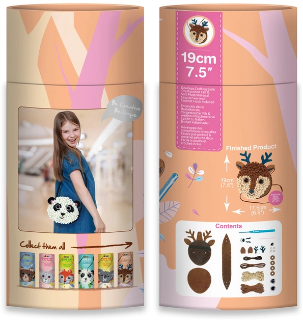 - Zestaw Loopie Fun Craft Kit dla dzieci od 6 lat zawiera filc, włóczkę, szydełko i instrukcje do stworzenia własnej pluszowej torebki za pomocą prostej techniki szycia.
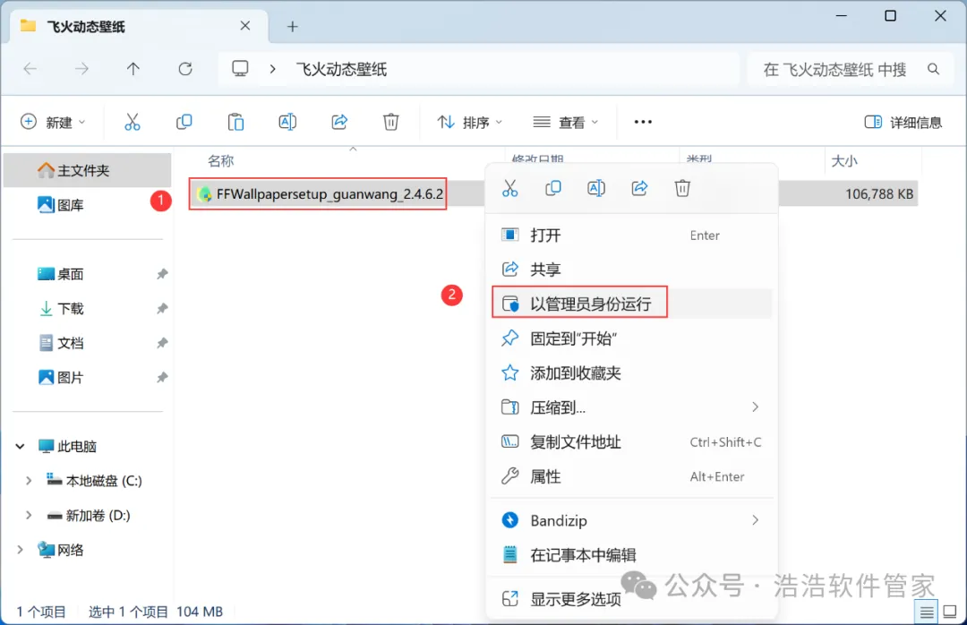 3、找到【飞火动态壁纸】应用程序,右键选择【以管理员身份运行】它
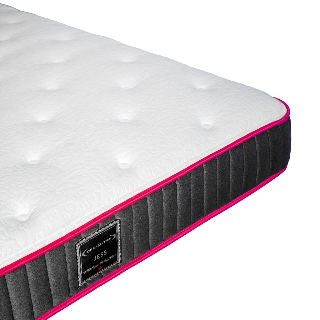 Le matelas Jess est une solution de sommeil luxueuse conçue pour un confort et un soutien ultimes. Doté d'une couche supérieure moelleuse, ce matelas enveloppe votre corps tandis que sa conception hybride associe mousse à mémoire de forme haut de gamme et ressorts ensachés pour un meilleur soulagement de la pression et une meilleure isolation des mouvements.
= = = = =
> **BRIEF**:
Starting at the line that holds "3、找到【飞火动态壁纸】应用程序,右键选择【以管理员身份运行】它", repeat every line through the end of the listing exactly as written, skipping any picture.

> **RESULT**:
 3、找到【飞火动态壁纸】应用程序,右键选择【以管理员身份运行】它
 Le matelas Jess est une solution de sommeil luxueuse conçue pour un confort et un soutien ultimes. Doté d'une couche supérieure moelleuse, ce matelas enveloppe votre corps tandis que sa conception hybride associe mousse à mémoire de forme haut de gamme et ressorts ensachés pour un meilleur soulagement de la pression et une meilleure isolation des mouvements.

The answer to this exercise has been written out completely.